Dr. Denton: Digital ulcers appear to develop earliest and most frequently in patients with diffuse cutaneous SSc, anti-scleroderma-70 antibodies, or both. In our recent review, we reported that among 2,439 patients enrolled through November 2010, most of whom had limited or diffuse cutaneous SSc, digital ulcers developed earlier in patients with the diffuse cutaneous subtype (Ann. Rheum. Dis. 2012;71:718-21). Patients who tested positive for anti-scleroderma-70 antibodies, in particular, developed first digital ulcers at a significantly younger mean age (44.7 years) than those who tested positive for anticentromere antibodies (ACAs) (50.1 years). Similarly, patients positive for anti-scleroderma-70 antibodies were younger than ACA-positive patients at the onset of the first symptoms of Raynaud’s phenomenon, and had less time between the onset of Raynaud’s and development of their first digital ulcer.
Question: What are some of the most common digital ulcer–associated complications that have been reported, and which patients are most vulnerable?
Dr. Denton: Infections requiring antibiotics, gangrene, and amputation were frequent complications across all of the major disease subsets. Patients positive for anti-scleroderma-70 were twice as likely to develop lung fibrosis compared with ACA-positive patients, and they were also more likely to have heart manifestations.
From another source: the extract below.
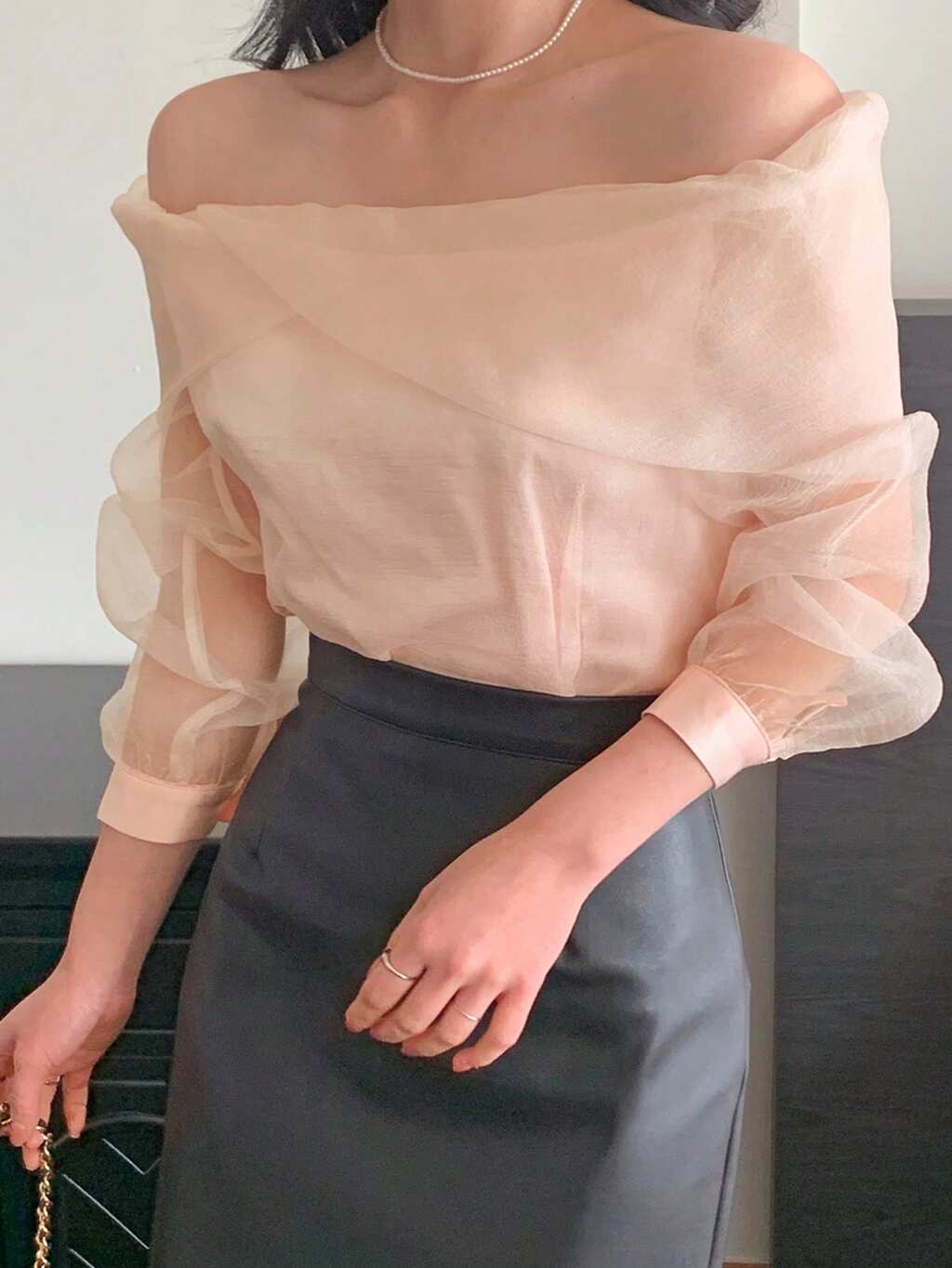 Women's Off-Shoulder Fitted Sheer Mesh Blouse Summer

Both lung fibrosis and heart disease are consistent with studies indicating more severe disease in patients positive for anti-scleroderma-70.
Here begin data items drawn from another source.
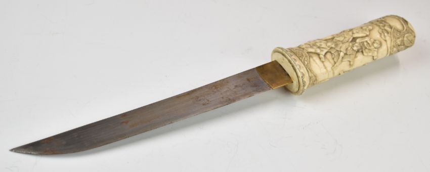 Bone hunting knife / dagger with fine carving to grip, 20cm blade and sheath. PLEASE NOTE ALL BLADED ITEMS ARE SUBJECT TO OVER 18 CHECK ON COLLECTION OR DELIVERY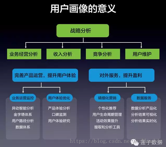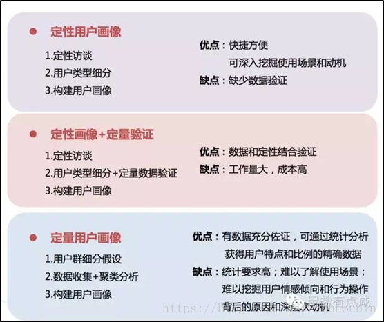 用户画像是指根据用户的属性、用户偏好、生活习惯、用户行为等信息而抽象出来的标签化用户模型。通俗说就是给用户打标签,而标签是通过对用户信息分析而来的高度精炼的特征标识。通过打标签可以利用一些高度概括、容易理解的特征来描述用户,可以让人更容易理解用户,并且可以方便计算机处理。用户画像是对现实世界中用户的建模,用户画像应该包含目标,方式,组织,标准,验证这5个方面。方式:又分为非形式化手段,如使用文字、语言、图像、视频等方式描述人;形式化手段,即使用数据的方式来刻画人物的画像。标准:指的是使用常识、共识、知识体系的渐进过程来刻画人物,认识了解用户。验证:依据侧重说明了用户画像应该来源事实、经得起推理和检验。在产品早期和发展期,会较多地借助用户画像,帮助产品人员理解用户的需求,想象用户使用的场景,产品设计从为所有人做产品变成为三四个人做产品,间接的降低复杂度。在互联网、电商领域用户画像常用来作为精准营销、推荐系统的基础性工作,其作用总体包括:(1)精准营销:根据历史用户特征,分析产品的潜在用户和用户的潜在需求,针对特定群体,利用短信、邮件等方式进行营销。(2)用户统计:根据用户的属性、行为特征对用户进行分类后,统计不同特征下的用户数量、分布;分析不同用户画像群体的分布特征。(3)数据挖掘:以用户画像为基础构建推荐系统、搜索引擎、广告投放系统,提升服务精准度。(4)服务产品:对产品进行用户画像,对产品进行受众分析,更透彻地理解用户使用产品的心理动机和行为习惯,完善产品运营,提升服务质量。(5)行业报告&用户研究:通过用户画像分析可以了解行业动态,比如人群消费习惯、消费偏好分析、不同地域品类消费差异分析根据用户画像的作用可以看出,用户画像的使用场景较多,用户画像可以用来挖掘用户兴趣、偏好、人口统计学特征,主要目的是提升营销精准度、推荐匹配度,终极目的是提升产品服务,起到提升企业利润。用户画像适合于各个产品周期:从新用户的引流到潜在用户的挖掘、从老用户的培养到流失用户的回流等。总结来说,用户画像必须从实际业务场景出发,解决实际的业务问题,之所以进行用户画像,要么是获取新用户,要么是提升用户体验、或者挽回流失用户等具有明确的业务目标。另外关于用户画像数据维度的问题,并不是说数据维度越丰富越好,总之,画像维度的设计同样需要紧跟业务实际情况进行开展。从画像方法来说,可以分为定性画像、定性+定量画像、定量画像
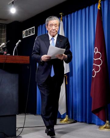 自民党の両院議員総会後、記者会見を終えた森山幹事長=2日午後、東京・永田町の党本部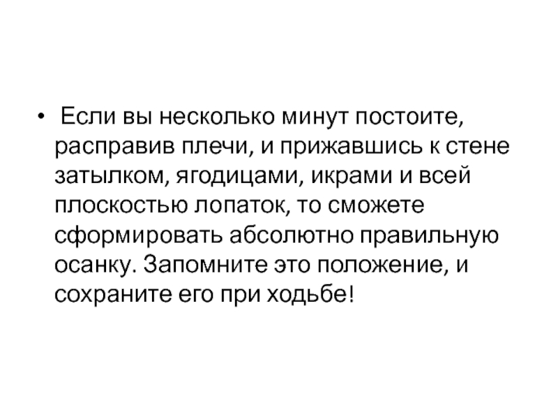 Слайд 12 Если вы несколько минут постоите, расправив плечи, и прижавшись к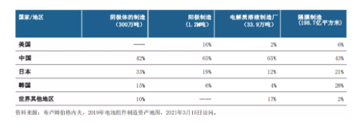 報告指出,中國在動力電池四大核心材料產(chǎn)能制造上已經(jīng)擁有超強的領(lǐng)先優(yōu)勢。其中,在正極材料制造占比達42%,負極材料占比達65%,電解液占比達65%,隔膜制造占比達43%。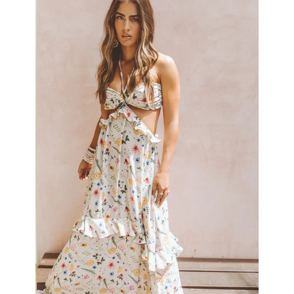 Victoria Maxi Dress | Floral Cut Out Ruffled Maxi Dress

Question: Can the risk of the development of digital ulcers be minimized or prevented in SSc?
Dr. Denton: Treatment with the oral endothelin receptor antagonist bosentan appears to be effective in preventing new digital ulcers. Last year we reported results from the RAPIDS-2 randomized, double-blind, placebo-controlled trial (Ann. Rheum. Dis. 2011;70:32-8) showing that treatment with bosentan reduced the occurrence of new digital ulcers by 30% over 24 weeks compared with placebo in patients with at least one active digital ulcer at the time of enrollment. The effect was greater in patients who entered the trial with more digital ulcers.
Question: What is the optimal treatment of digital ulcers in this population?
Dr. Denton: There is still a great clinical need for a tolerable, effective therapeutic option for improving tissue integrity and viability and promoting ulcer healing, in addition to reducing the formation of new ulcers. Although bosentan has been approved [in Europe] for the prevention of new digital ulcers in patients with SSc and ongoing digital ulcer disease, our findings [from the RAPIDS-2 trial] suggest that the treatment has no effect on digital ulcer healing. Vasodilators may improve digital circulation, and small studies suggest that the prostanoids epoprostenol and iloprost may improve healing, but controlled data supporting their use is lacking. The DUO registry may provide data that informs clinical trials of targeted therapies.
Dr. Denton reported that he has financial relationships with
Actelion Pharmaceuticals, Aspreva, Biovitrum, Digna,
Encysive Pharmaceuticals, Genzyme, and Pfizer.